Traceability Is Now Compulsory. Full Stop. The End.
Getting a result isn’t enough anymore. Now you have to prove how that experimental observation came into being.
By traceability, we mean a complete record of all actions and events that have occurred over the course of the experiment.
This is being done more and more with electronic data systems. Barcoding on samples or other assets speeds scrutiny. RFID tags attached to individual items sometimes provide mass information globally. Laboratory information management systems (LIMS) can log tests without the need to separately write down all that information by hand.
We just want there to be a record of everything relevant:
- The sample
- Where it came from
- How it was stored
- The reagents used
- How much was used
- How those reagents were stored
- How much sample was used
- The specific batch we’re counting from
- Calibration
- Who did it
- Quality control work
- Results
In case you miss something or simply enter the wrong code, box, etc., the quality investigation can show changes over batches more easily. An audit will go much more smoothly if confidence intervals have been established for counting, even between different laboratories.

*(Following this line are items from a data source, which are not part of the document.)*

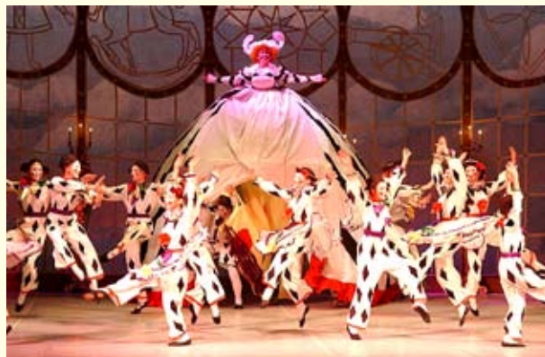
Photo: Dayton Ballet's performance of the Nutcracker

The Dayton Ballet School finished the first half of the school year by having many students performing in the Nutcracker . We are very proud of these students. Sixty-five young people participated in the double cast performances. Many of them are Dayton Ballet Sr. and Jr. members. It is always a rewarding experience for the children to be able to perform with the professional company.
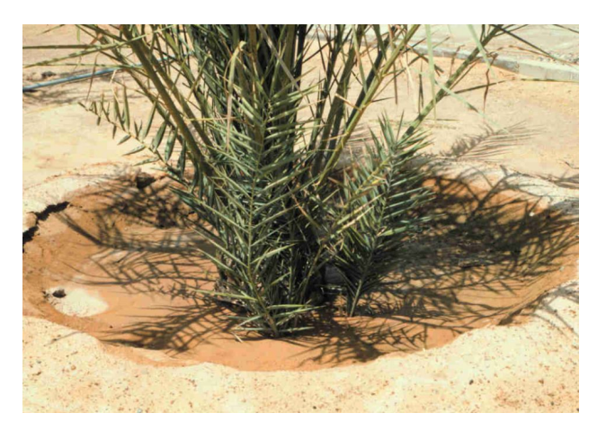
Figure 11. Mounding up soil around the rootball forces water into the rootball, where it is needed.

When backfilling palm planting holes, be sure to wash soil down into all voids to eliminate air pockets (Figure 10). A shallow berm should be constructed around the perimeter of the rootball of the newly transplanted palm to retain water in the rootball area during irrigation (Figure 11). The soil around the rootball should be kept uniformly moist, but never saturated during the first four to six months following transplanting. After that time, irrigation frequency can be reduced or eliminated altogether if adequate rainfall is received. Research has shown no benefit to irrigating the crown of the palm versus soil application of water (Broschat, 1994).
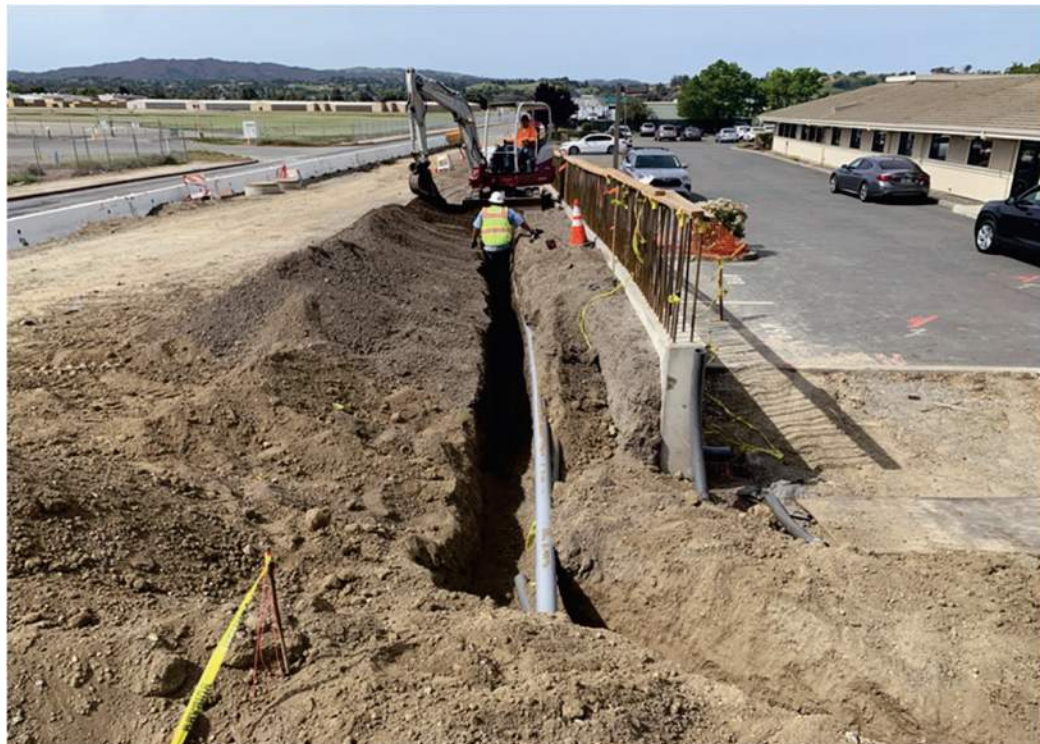
Figure 2 – 5005 Marsh PGE Service Conduit Installation
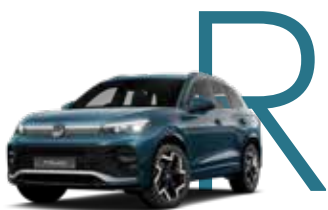
NIGHTSHADE BLUE METALLIC
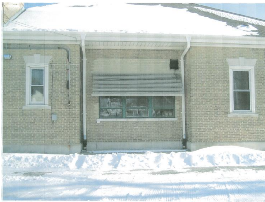
West façade windows to be replaced at center and also awning removed
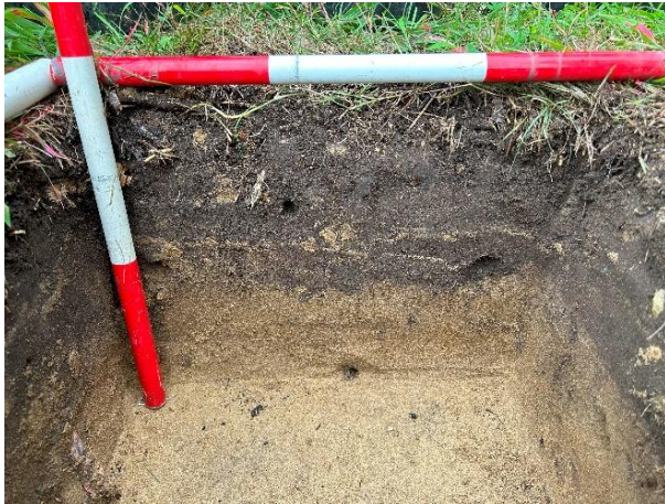
Figure 33: Profile view of Test Pit 10 showing shallow soils and clear transition to marine beach sand layer
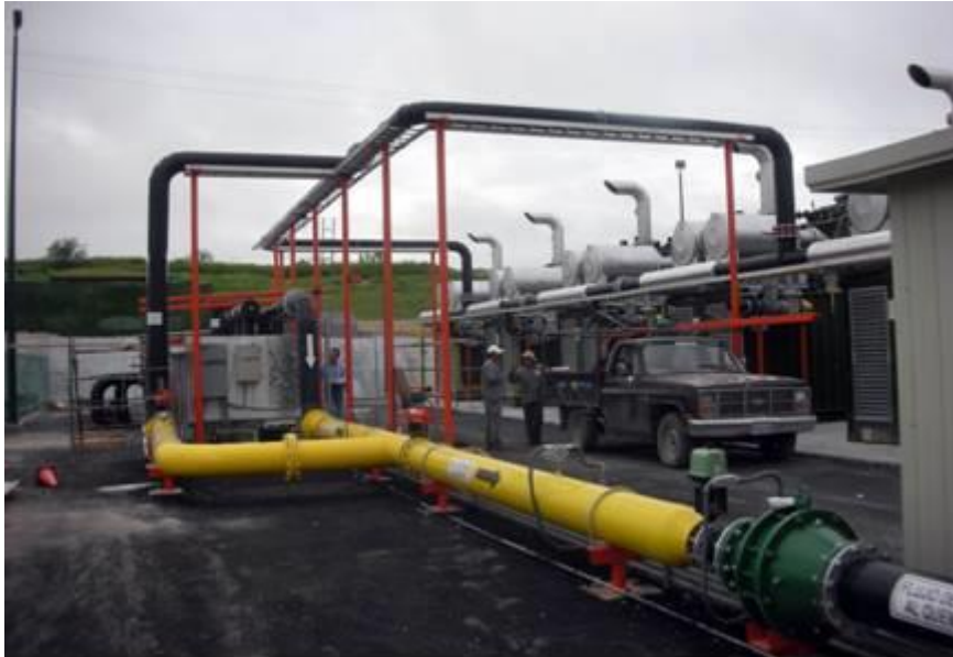
Figure 4 Example of modular electricity generation facility to be implemented in this project. The image above was obtained from Monterrey Landfill, Mexico.

Digital Labs Need Reliable Lab Materials
The lab of the future isn’t just more automated. It’s more connected. AI is helping interpret results. Predictive maintenance software can forecast equipment problems before they fail. Cloud computing lets labs in different locations analyse data simultaneously. All these innovations can deliver impressive efficiency gains.
But how much value do they deliver if you can’t trust the data in the first place? What if impurities from a poor-quality consumable contaminate the results? Or variations in reagents make data unreliable? Software, no matter how advanced, can only process data inputs. If there are problems at the raw material stage, then those digital processes automate the creation of poor-quality data.
Building Labs for the Future
The work carried out in scientific research, and the testing laboratories do for quality control, does not stand still. Automation, machine learning, and other highly technical processes are all subject to continuous evolution. In practice, we can expect labs to deal with bigger data sets and greater sample loads. There will also be a continued regulatory expectation that the data in question is of higher fidelity.
Even in these circumstances, the fundamentals hold true.
A reliable material is one that supports the application. One you can trust to deliver accuracy and data that can be relied upon, a workflow that is dependable, and a science-backed conclusion built on strong foundations. Automation certainly increases productivity. Advanced software models and algorithms help us identify patterns and discover meaningful outputs where there is high-dimensional data. Humans still need to be present to add context and additional information, but the models provide valuable insight into the laboratory environment.
Disclaimer: This post was provided by a guest contributor. Coherent Market Insights does not endorse any products or services mentioned unless explicitly stated.